Sunday, December 05, 2010
Book review: Steve Martin explores art world
The multitalented comedian, musician and writer finds his muse in painting a serious look at New York's art scene.
Reading Steve Martin's latest novel, "An Object of Beauty," is much like staring at a painting.
The initial reaction includes the emotional response to the story, laid out carefully before the reader on the palette of the page.
Next comes an intellectual reaction, leaving the reader to ponder the deeper meaning of the work. What did the artist intend? Are the images symbolic or simply meant to represent what the eye perceives?
Balancing the emotional experience with the meaning of the story is the craft of the skilled writer, but in this work, Martin leaves mixed messages.
The entertainer does not write in the voice of his zany comedy routines of the 1970s that launched his career. His prose here is more reminiscent of his screenplay, "L.A. Story."
It's both playful and cynical, sometimes reverent, occasionally snarky and consistently delightful.
As a landscape of the art scene in Manhattan, which Martin knows from his years as an art collector, the novel is a great success, giving the reader insight into a world that typically only a moneyed few are privileged to see.
Photos of prominent works mentioned in the book are scattered throughout the pages. When the story concentrates on art, those who create it and those who trade it, the novel soars.
It is in the portrait of the main characters where Martin is more abstract and less effective.

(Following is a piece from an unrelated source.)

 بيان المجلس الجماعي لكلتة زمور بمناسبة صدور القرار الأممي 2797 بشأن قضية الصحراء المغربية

While the secondary characters seem fleshed and fully focused, the primary characters are, unfortunately, devoid of depth.

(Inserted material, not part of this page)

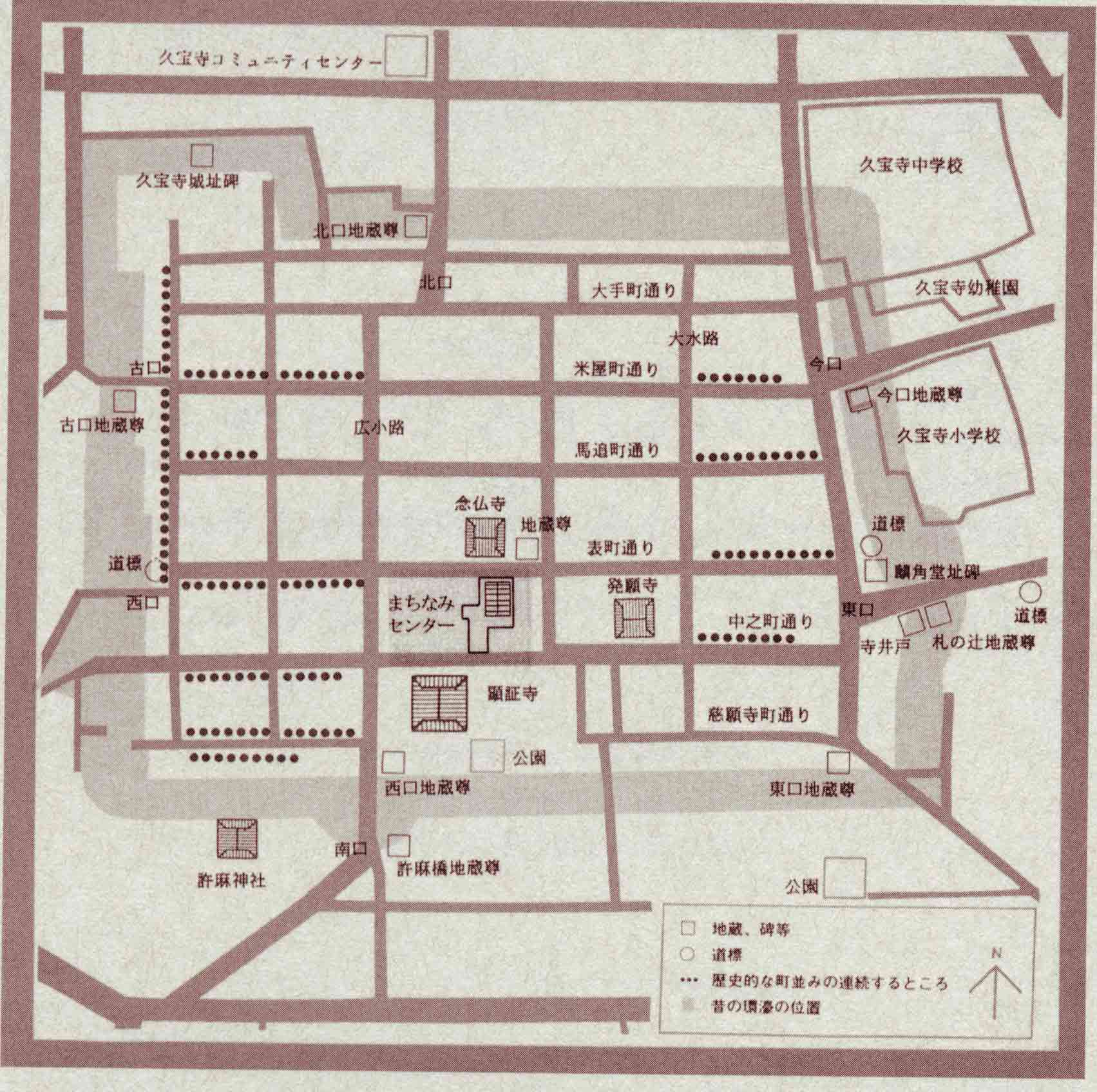 | 久宝寺寺内町の歴史は、450年以上前、戦国時代にまでさかのぼります。文明2年(1470年)に本願寺第8世蓮如上人が久宝寺で布教した際、「帰する者市の如し」といわれるほど帰依する者が多かったので、文明11年(1479年)この地に西証寺を建立しました。後に西証寺は顕証寺と寺号を改め、天文10年(1541年)頃にこの御坊を中心として久宝寺寺内町が誕生しました。久宝寺は地理的に要衝の地にあり、中・南河内の門徒集団を束ねる拠点として多くの門徒集が集まり住むとともに、商工業者も集まって活発な商業活動が行われるようになりました。 江戸時代以降は、農村部における商業の中心−在郷町−として発展しました。久宝寺は旧大和川(現在の長瀬川)の船運の要衝として、また堺から八尾街道を経て京都に至る主要幹線の中継点として栄えました。しかし慶長年間に本願寺の東西分派にともなって久宝寺の一部の住人が分離独立して八尾寺内町を建設し、宝永元年(1704年)に大和川の付け替えが行われると、それ以降地域の中心は八尾寺内町に移っていったのです。 | |||||||

The title of the book seems to have a multilayered meaning, referring to the desires of the protagonist, Lacey Yeager, an ambitious young woman navigating her career in the art world through New York's auction houses and galleries, and most certainly referring to the attitude of Daniel Franks, the book's omniscient narrator, toward Lacey.

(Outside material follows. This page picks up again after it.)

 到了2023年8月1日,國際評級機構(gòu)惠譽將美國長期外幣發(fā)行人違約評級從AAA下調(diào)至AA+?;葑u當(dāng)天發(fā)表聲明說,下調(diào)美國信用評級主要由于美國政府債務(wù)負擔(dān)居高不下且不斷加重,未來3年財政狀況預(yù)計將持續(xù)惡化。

The reader meets Lacey and Daniel, just out of college in New York City, in the early 1990s.
She is beginning her career as a clerk at Sotheby's and he finds work as a freelance reporter covering art.
Daniel's narration is like a voice-over, and his presence hovers near, around and sometimes over Lacey -- observing, projecting and analyzing her.
He describes in intimate detail events he did not witness.
He is clearly more than a casual acquaintance, once a lover but never in love with her, and his obsession with her wobbles at the precipice of the creepy stalker abyss.
Lacey makes no emotional commitments; she uses her sexuality as a tool in building her career and she seems to take little joy in the beauty that surrounds her.
Her admirers, Daniel tells us, find her charming and vivacious, but few of those traits are demonstrated in her actions.
Her every move is coldly calculated and she lacks any vulnerability.
"She was rash with people, with her body, her remarks. She had an extraordinary sense of position: who was above her, who was below her. However, she considered no one her peer," Daniel explains. "She was equally reckless with all."
A little more than three-quarters of the way through the book, it seems that Martin perhaps neglected one of the most important components of a novel: a plot.
The book reads like an interesting conversation about the Manhattan art scene with an entertaining and informed insider, and it covers many of the trends over the last 20 years -- but, other than the obsession with Lacey, the story seems pointless.
Then suddenly the tale takes a sharp turn, weaving in a morality tale about blind ambition, tightly wrapping itself in the collapse of Wall Street, until finally it winds down to an open-ended conclusion.
Aside from the bizarre relationship between Daniel and Lacey, the book is an analysis of how money, and the status of those spending it, can influence not only the financial value of the art, but also its perceived worth as artistic expression.
"The theory of relativity certainly applies to art: just as gravity distorts space, an important collector distorts aesthetics," Martin writes.
Despite his own status as a notable art collector -- he once sold a painting for more than $26 million -- Martin's narrator waxes poetic about how private possession keeps great works from being shared with the masses.
"There are dozens of masterpieces in high apartments along Fifth Avenue, in sight of the Met, longing to make the leap into its comforting arms."
"An Object of Beauty" may be lacking in sympathetic characters, but it's a story rich in texture and style, giving insight into art and the business of art.
Much like a walk through a gallery, meaning is open to the interpretation of the reader.